WORK INSTRUCTIONS:
The reply should consist solely of the lines from the one with "- 대출 대상: 주택임대차계약" through the final line of the listing, copied exactly, with no pictures.

DATA PROVIDED:
★ ★ ★

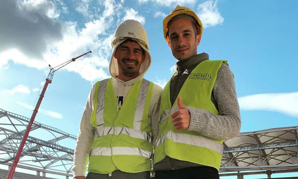 Ο Ισμάελ Μπλάνκο μαζί με τον μάνατζερ Αντώνη Ρίκκα, επιβλέπουν τις εργασίας στο νέο γήπεδο ποδοσφαίρου της ΑΕΚ Antonis Rikka/Facebook
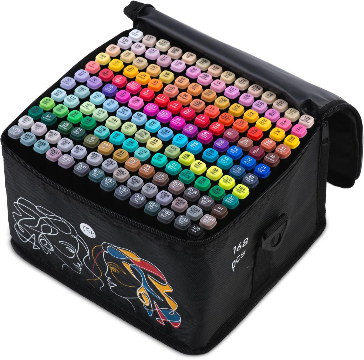 Nukido Alcohol Marker Pens 168 Colors Dual Tip Waterproof With Carry Case
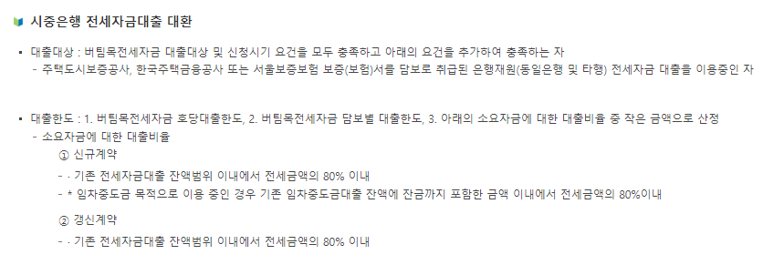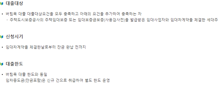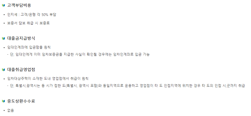 - 대출 대상: 주택임대차계약 체결 및 임차보증금의 5% 이상 지불자, 무주택 세대주 및 세대원, 기타 전세자금대출 미이용자.
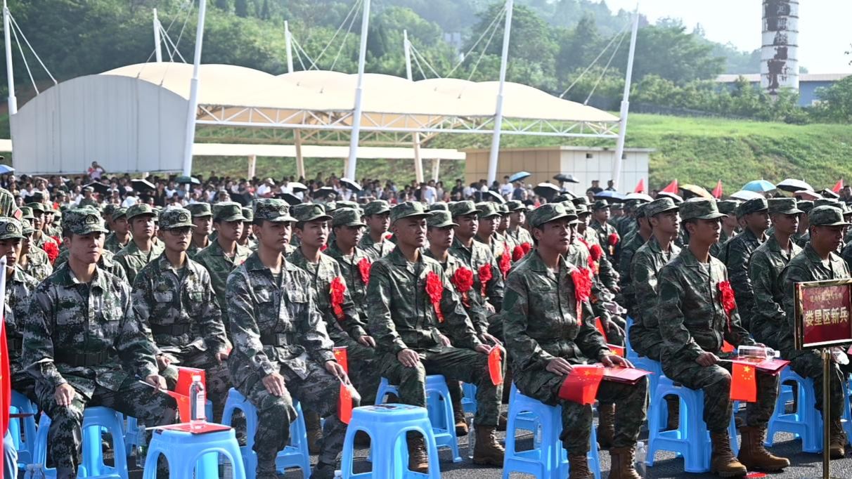 (新兵们身着戎装、精神抖擞,展现出良好的精神风貌)

★ ★ ★

SOLVED PROBLEM:
 - 대출 대상: 주택임대차계약 체결 및 임차보증금의 5% 이상 지불자, 무주택 세대주 및 세대원, 기타 전세자금대출 미이용자.
 (新兵们身着戎装、精神抖擞,展现出良好的精神风貌)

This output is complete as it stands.